Separating from Hackathon

We chose for this jam to be separate from the SEPMakes Hackathon. Mostly this was to allow people to attend both events. It should also make it easier for Game Jam to make changes to its process that would conflict with hackathon. While it requires some more work to get things set up on our part, we hope it will improve attendance.

Limiting the First Meeting

The first meeting of the Game Jam is when we form teams and choose the theme. For the first Jam, Judah and I took some time to give suggestions to people on how to get things done efficiently. Nothing out of the ordinary: don’t bite off more than you can chew, keep it simple, etc. We gave examples of winners of other game jams to create some useful expectations.

It seemed like a good idea for newcomers, but it slowed that meeting down a lot. Unless you were new, it was not an engaging portion of the meeting. We decided to remove this part of the meeting and focus on forming teams and setting the theme. Saving time will also allow for teams to discuss their ideas for their game within the scheduled meeting time.

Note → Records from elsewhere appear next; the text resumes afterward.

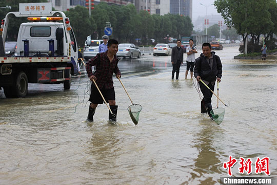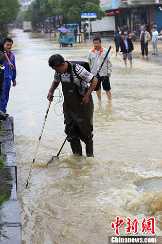 5月8日,湖南省永州市道縣再遭大暴雨襲擊,縣城多處低洼處被水淹,農作物、水產(chǎn)養(yǎng)殖損失嚴重,不少民眾拿起漁具到被淹沒的馬路上捕魚。目前,道縣搶險、核災和災后自救工作已全面有序展開。
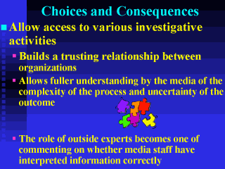 Once media are allowed access they are bound by the implied agreement that any breech of conduct on their part (such as revealing confidential information (more about that later)) will result in cut off of access. This restricted access will place them at a disadvantage to their competitors. Observation of investigative activities will result in a greater understanding of the complexity of the process. It is impossible to succinctly explain the complexities of an outbreak investigation to those without scientific background. Observation may not develop profound understanding but it will bring home the point that the process is one of putting together a puzzle. When media staff go to experts, they are more likely to ask whether they have understood what has gone on correctly because there is little left to speculate about. |
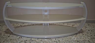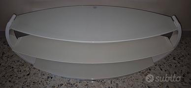 Mobile porta TV ovale come nuovo. Robusto. Struttura in acciaio e legno laccato. Ripiani in vetro. Design elegante, introvabile. Misure: 125L x 37P x 48H . Visionabile quando volete. Comprato nuovo a € 450
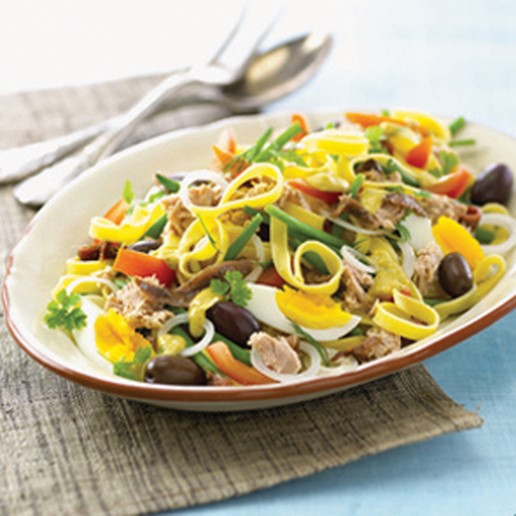 Kog pastaen efter anvisningen på emballagen. Hæld pastaen til afdrypning i en sigte og brus over med koldt vand til den er kold. Læg pastaen ud på et serveringsfad. Hæld vandet fra tun, og del den i mindre stykker. Kog bønnerne i letsaltet vand i ca. 2 min. og køl dem af i koldt vand. Anret alle ingredienserne på fadet sammen med pastaen. Rør dressingen sammen og smag den til. Hæld den over salaten ved serveringen.
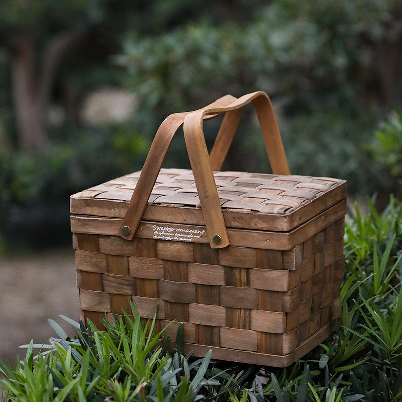 美しい編み込み模様が魅力的な蓋付きのカゴバッグです。ハンドバッグ型のデザインで、ピクニックやお出かけに最適な実用性の高いアイテムとなっています。 天然木材を丁寧に編み上げた温もりある仕上がりで、しっかりとした蓋と金具が大切な荷物を守ります。 持ち手は手に馴染みやすく、持ち運びも快適です。日常使いから特別な日のお出かけまで幅広くお使いいただけます。
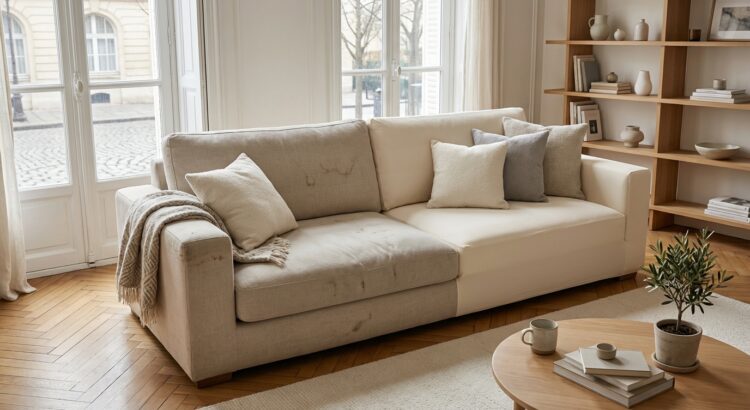 Au milieu du séjour, le canapé reste la pièce maîtresse : c’est vers lui que tous les regards se tournent. Quand le tissu est usé, décoloré par le soleil ou constellé de traces de vie, tout le décor paraît négligé, même si la table basse, les rideaux et les murs sont impeccables. Le moindre défaut se voit, et l’ambiance entière semble fatiguée.

Replacing Standup with Playtesting

The Hackathon has some patterns that it sticks to very closely. One of those is the post-meal standup. After eating everyone shares a bit of what they’re doing and how it is going. For hackathon this is an opportunity to learn about things you aren’t working on. There is also the chance to help another team if they share a problem they are caught on that you have knowledge about. For hackathon it is a good use of time.

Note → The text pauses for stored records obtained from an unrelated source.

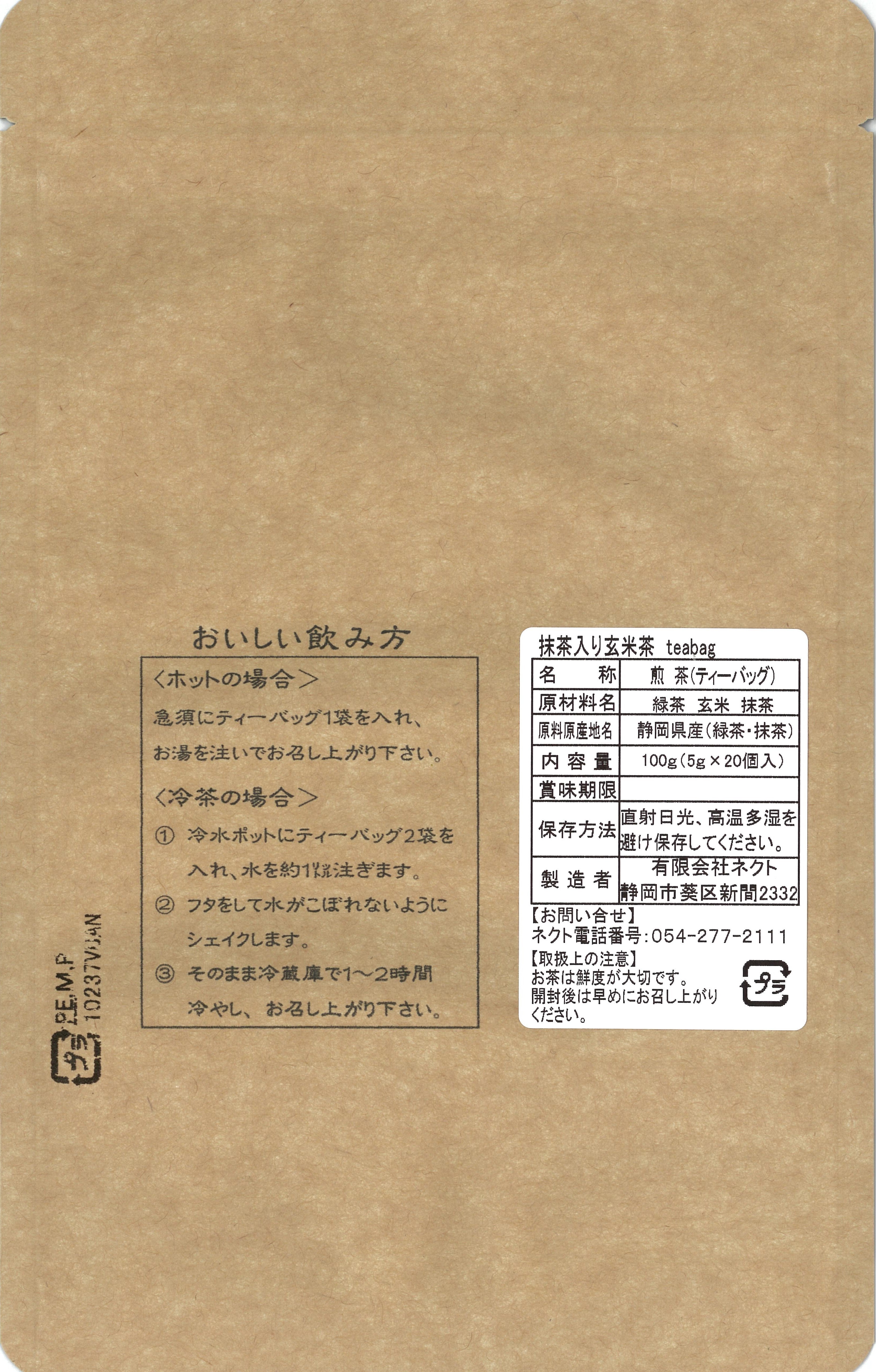 5g×20個入。便利なティーバッグタイプの抹茶入玄米茶です。
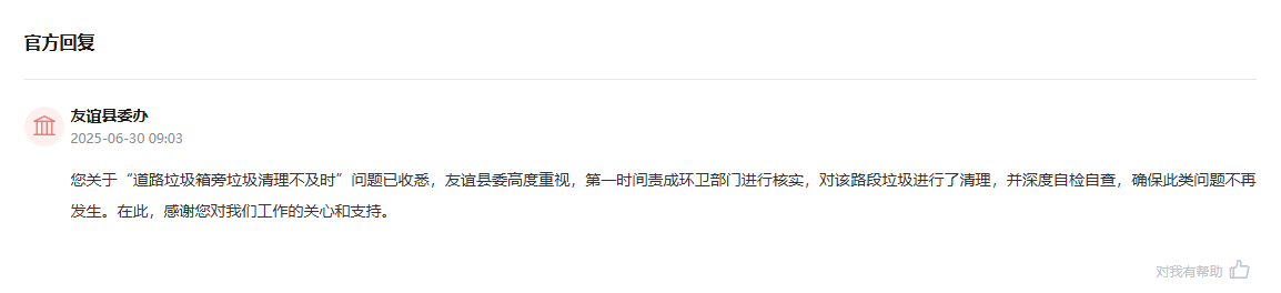收到该条留言后,友谊县委第一时间责成环卫部门进行核实,对该路段垃圾进行了清理,并深度自检自查,确保此类问题不再发生。
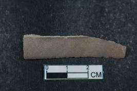 | Description / विवरण | Fragment of blade with one dorsal ridge and smooth surface. |
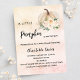 Un fondo dorado subió y degradado de color rosa oscuro, decorado con calabaza de color crema y flores. Personalice y agregue el nombre y los detalles del fiesta. Texto: Una calabaza está en camino.

With everyone working on the same thing, we predict standups won’t be as useful. Standup is usually short, but every second matters. Waiting to start standup while others finish eating is time that could be needed to get your game done. We didn’t want to lose the chance to knowledge share, so Judah suggested that we implement some playtesting. Having people spend some time playtesting each others’ games will give actionable feedback that could improve the game.

We agreed Saturday afternoon seems to be the best time as there would be enough time to actually make changes based on the feedback.

More Casual Presentations

Hackathon presentations are usually long and structured because they cover a lot. Each project is different and need to introduce their main concepts to an audience unfamiliar with their pitches. For a game jam, that seems unlikely to be the case. While not everyone is necessarily using the same game engine, we are all trying to make games. That along with the decoupling from hackathon means that our end-of-weekend presentations can be a lot more lax.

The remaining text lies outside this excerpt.